3.1. Potential Role of Human Neurexin-3α for Memory and Cognition
An in vitro study demonstrated, via neuronal cell culture, that human neurexin-3α antibodies might interfere with the growth and formation of hippocampal synapses [3], indicating potential defective synaptic information processing and, likely, memory encoding within the hippocampus relevant for declarative memory formation. Animal models suggest that the extracellular epitope neurexin-3α seems to play a major role in the morphology of presynapses, and in the probability of neurotransmitters released at excitatory synapses in the hippocampus, thus affecting mainly presynaptic long-term plasticity [9]. However, other in vitro studies showed that neurexin-3α, with its extracellular site, regulates excitatory receptors, such as the α-amino-3-hydroxy-5-methyl-4-isoxazolpropionic acid receptor (AMPAR), at the postsynaptic site [10]. The postsynapse is crucial for the induction, maintenance, and reversal of long-term synaptic plasticity phenomena, such as long-term potentiation and long-term depression, as synaptic mechanisms of learning and memory. The aforementioned animal experiments suggest that neurexin-3α autoantibodies might impair signaling at glutamatergic synapses, resulting in defective memory formation in humans. In line with our hypothesis, animal studies showed that the formation of fear memory is associated with a significant repression of specific exons in the neurexin-3α gene [11], pointing towards neurexin-3α’s prominent role in generating a memory trace. An underlying mechanism for memory control by neurexin-3α might be the inhibition of AMPAR-mediated synaptic transmission via alternative splicing [12]. AMPAR are key regulators for modulating long-term synaptic plasticity and memory formation [13,14]. Concurring with these assumptions, a recent overview underlined the importance of neurexins to various cognitive functions and circuits [15], not just affecting memory functions.
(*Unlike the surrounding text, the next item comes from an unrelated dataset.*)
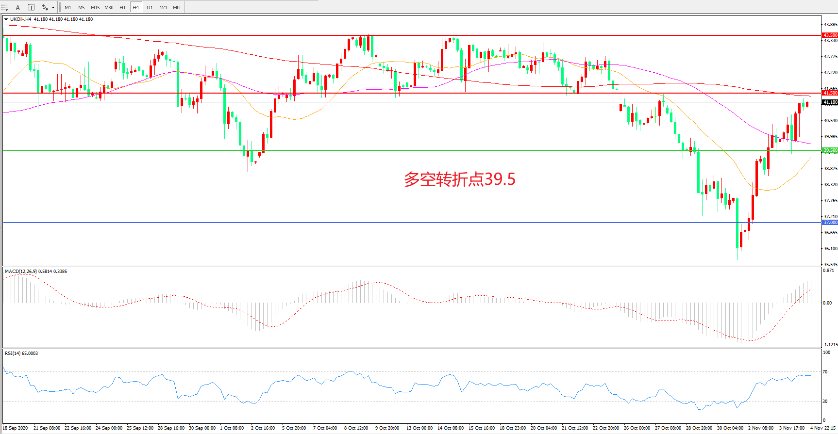 4小时图看,油价低位连续拉升,短期表现有所回暖,39.5美元成为下方支撑,200均线成为上方阻力,MACD红柱增加,RSI指标走平,日内延续上行概率较大。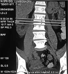 Fig 1. TAC de columna lumbar: corte coronal de tomografia con ventana para plano blandos, evidencia escoliosis levoconvexa con disminución en la altura de discos en todos los niveles

3.2. Characterization of Brain Metabolism in Mild Cognitive Impairment Associated with Serum Anti-Neurexin-3α Antibodies
We observed many additional features in our patient that are typical for neurexin-3α disease, such as the absence of lesions in the brain MRI. However, the initial 18F-FDG-PET/CT showed distinct prefrontal and parietal hypometabolism. To the best of our knowledge, there are no studies on 18F-FDG-PET in autoimmune encephalitis associated with neurexin-3α autoantibodies. However, some studies have evaluated FDG-patterns in autoimmune encephalitis associated with other autoantibody types. While hypermetabolism in the medial temporal lobe has been described as characteristic for limbic encephalitis with LGI1 antibodies, patterns of selective hypometabolism in other cortical areas have been reported by several working groups [16,17,18,19,20]. Regional cerebral hypometabolism was detected in different brain regions (including frontal and parietal regions as in our patient), while patterns also differed between the autoantibody types involved [21]. The 18F-FDG-PET proved to be more sensitive than an MRI [18,19,20]. Therefore, an 18F-FDG-PET of the brain should be considered a valuable tool in the diagnostic workup of patients with suspected autoimmune encephalitis in addition to whole body imaging. Our patient’s follow-up 18F-FDG-PET revealed normal brain metabolism. Brain metabolism might change over the disease course, influenced potentially by the autoimmune response or other factors. To assess 18F-FDG-PET’s prognostic value during autoimmune encephalitis, more studies applying 18F-FDG-PET/CT with a longitudinal approach are needed.
It is unclear whether seizures appearing at the onset of our patient’s clinical manifestation are associated with neurexin-3α disease, as his temporal-lobe seizures demonstrated no temporal relationship with proven neurexin-3α antibodies. However, the interleukin-2 receptor in the serum might be an indicator of autoimmune activity [22] and, as it was elevated two years ago and coincided with his symptoms then, we cannot rule out an autoimmune process starting two years ago. We cannot exclude the possibility that the presence of serum SOX1-antibodies and Yo-antibodies modulated our patient’s disease course.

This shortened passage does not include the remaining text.